Book Description
The compelling story of the man who masterminded the Great Train Robbery
'His story stands apart ... skilful enough to capture both the immediate excitement of crime and the dull price it so often extracts' Laurie Taylor, The Times
8 August, 1963; a railway track in Buckinghamshire. The moon shines clearly over Bruce Reynolds and sixteen other men robbing a train of its sacks of money. The Great Train Robbery has entered British folklore as one of the most audacious, and extraordinary, crimes of the twentieth century. The haul - #2,631,684 - is, in today's money, a staggering #26 million. Bruce Reynolds, the leader of the gang, was sentenced to 25 years in prison; even the Commissioner of the Met, Sir Robert Mark, thought that excessive.

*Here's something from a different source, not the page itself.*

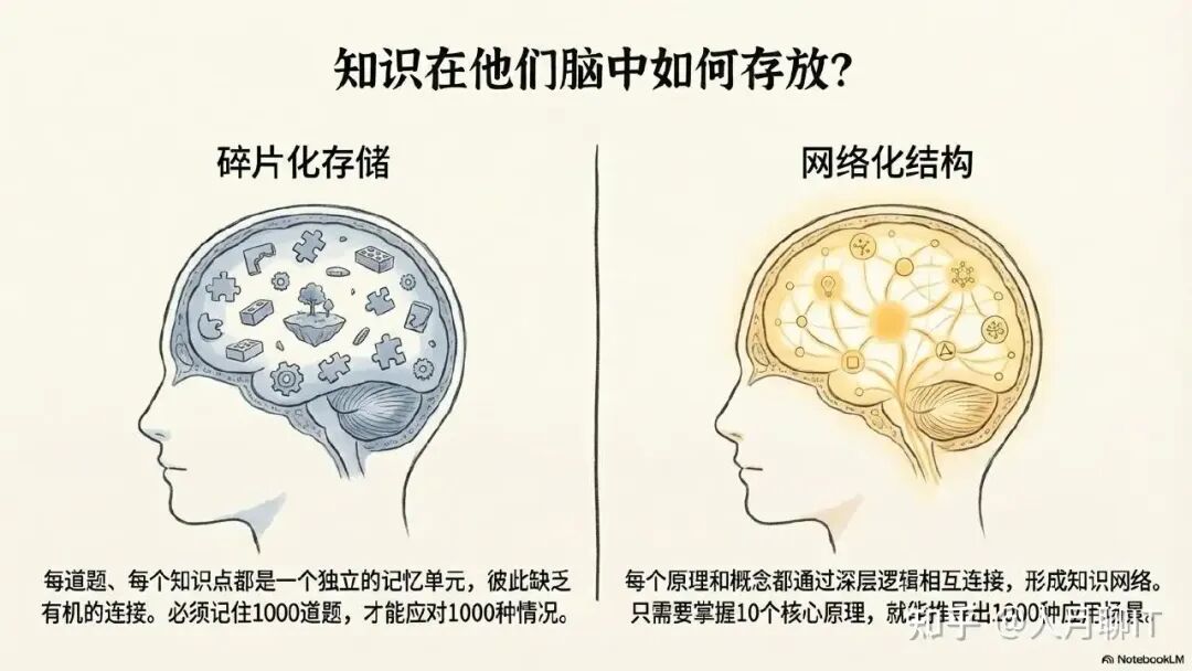 记忆型学习者的大脑中,知识以碎片化形态存储。每道题、每个知识点都是一个独立的记忆单元,彼此之间缺乏有机的连接。他们可能做过500道力学题,但每道题都是一个孤立的记忆片段。当遇到新题型时,如果记忆库中没有相似的案例,他们就会陷入无助。这种碎片化的知识结构,意味着他们必须记住1000道题,才能应对1000种情况。

Since leaving school in 1946, Bruce Reynolds dreamt of adventure: minor crimes at first, small-scale smash-and-grabs, but soon he was running a top-class firm. Although they committed a succession of lucrative, high-profile robberies, it wasn't nearly enough. Bruce Reynolds wanted more.

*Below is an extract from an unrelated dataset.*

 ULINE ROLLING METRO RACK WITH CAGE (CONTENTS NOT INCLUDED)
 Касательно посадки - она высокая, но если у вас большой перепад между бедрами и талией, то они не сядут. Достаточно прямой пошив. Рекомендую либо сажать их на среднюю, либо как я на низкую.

The Autobiography of a Thief is the story of a professional criminal, and the murky world around him - it's funny, touching, illuminating, and shocking.
'Far superior in style and narrative to the standard self-serving criminal memoir' Duncan Campbell, Guardian
Synopsis
Bruce Reynolds' life of crime began with a small-scale smash-and-grabs and led to a succession of lucrative, high-profile robberies - but it was on the empty early-morning fields of middle England that he found his Eldorado. In the early hours of 8 August 1963, he and 16 others robbed the Glasgow-to-Euston mail train of #2,631,684 - in today's money, #26 million. The Great Train Robbery was the most infamous robbery in British history, and Bruce Reynolds' account of his life covers every detail of the crime and its aftermath, up to the present day.